On Thursday night, Sina and I went to a sweatlodge run by a man called David Peshlakai. A sweat ceremony is a very old purification ceremony which involves sitting in a cave that's built into the earth and enduring the steam from hot coals that are placed into a pit in the center. The cave itself is dome-shaped and represents the womb. Everything down to the drum, the pipe, the fire and the pitch-fork involved in the ceremony, represents what the Natives call their 'Grandmothers' and 'Grandfathers'. David was an incredibly interesting man to talk to. He has gone through numerous intiations to become a 'seer', one who supervises these ceremonies and has visions for those who seek healing or purification.

The initations he has gone through include vision quests and sundances. Vision quests go back to the beginning of Native tradition. It involves sitting alone up in the mountain the whole night with no food and water and waiting for a message or a 'vision' that one should be able to find in nothing but the oneness that they experience with nature during that night. A sundance is a much harsher initiation and quite frankly, I don't know how any of these men have survived it. In a sundance, the man is pierced in the chest by tree branches and must dance the whole day before the sun and cannot stop - brutal, eh? But this is a test of true strength and bravery - the man is made a warrior, a survivor and David's piercing scars proved that.

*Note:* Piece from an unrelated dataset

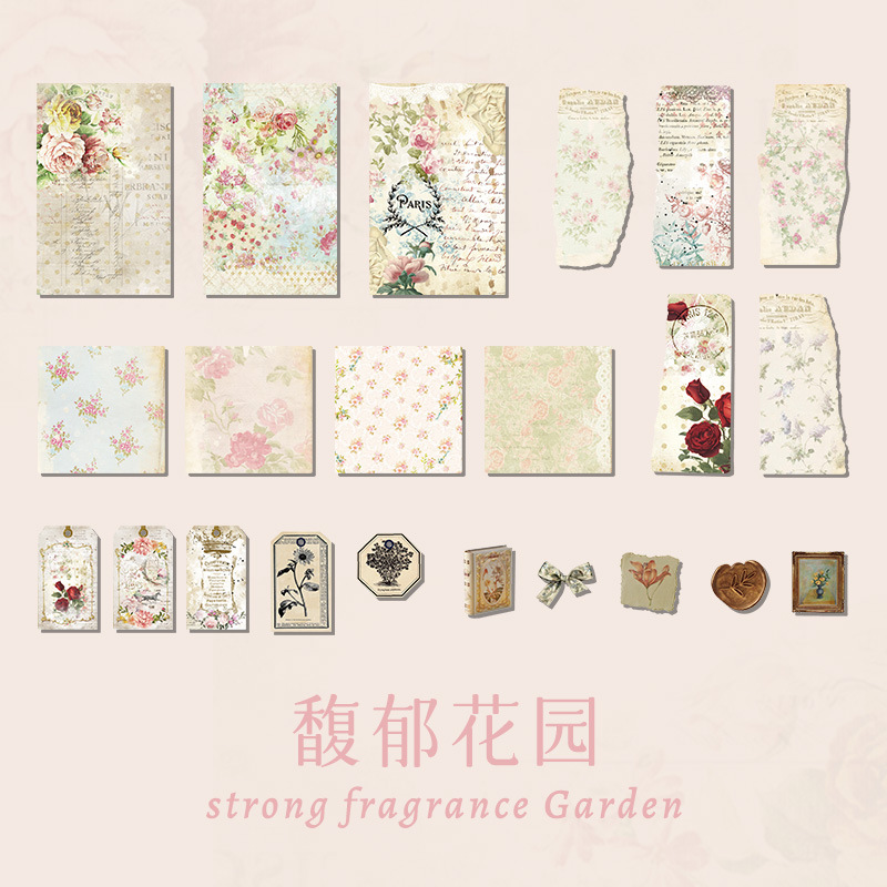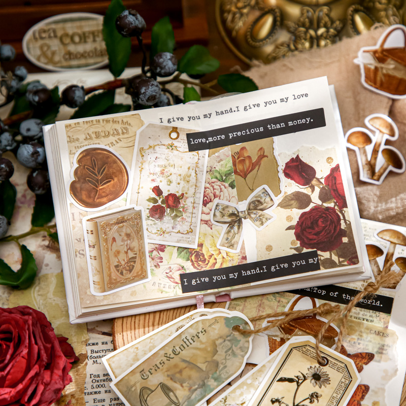 Material Paper Memory Collection Series Retro English Flower Tearable Decoration Notebook Diy Mosaic Stickers

I was blown away by the sweat ceremony. It is far too hard to describe the feeling - and even saying that seems like too a weak statement. There were just four of us in the sweat, including David. He stuffed the sacred pipe with cedar and passed it around. We all smoked it and blessed ourselves with it. He then gave us the cedar itself for us to chew. He then began putting the hot coal in the pit - the sweat started to pour! Once the door is closed, water is thrown onto the rocks and an overwhelming gush of steam fills the 'womb' where everyone begins to say prayers and thanks to Mother Earth, Father Sky and send love and healing to everyone they know, including those that are in the sweat as well.

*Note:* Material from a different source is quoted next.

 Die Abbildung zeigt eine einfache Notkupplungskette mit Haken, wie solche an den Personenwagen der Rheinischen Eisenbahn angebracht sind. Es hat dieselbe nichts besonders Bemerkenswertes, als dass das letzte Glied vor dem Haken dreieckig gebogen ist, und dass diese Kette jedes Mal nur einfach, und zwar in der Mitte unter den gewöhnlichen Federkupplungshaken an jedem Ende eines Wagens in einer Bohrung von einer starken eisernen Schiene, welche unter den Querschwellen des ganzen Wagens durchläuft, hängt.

As I thought about my loved ones and gave gratitude to everything that is, David beat the drum and sang purification songs. The drum represented the beating from the mother's heart that a baby hears from the womb. There were four rounds of this and when the ceremony had finished, we all crawled out, shook hands with each other and walked once around the campfire.

The cool air kissing my skin after all of that heat was exhilirating - I felt refreshed and truly grateful to Sina, to David, to Di Ne and the universe for every single experience I have had.

To conclude this lengthy blog, I just thought I'd also let you know that I tried riding a horse for the first time!


This is me and Shortch or Shorch (the spelling is as ambiguous as the reason behind his name!) the family's gentle, loveable pet horse.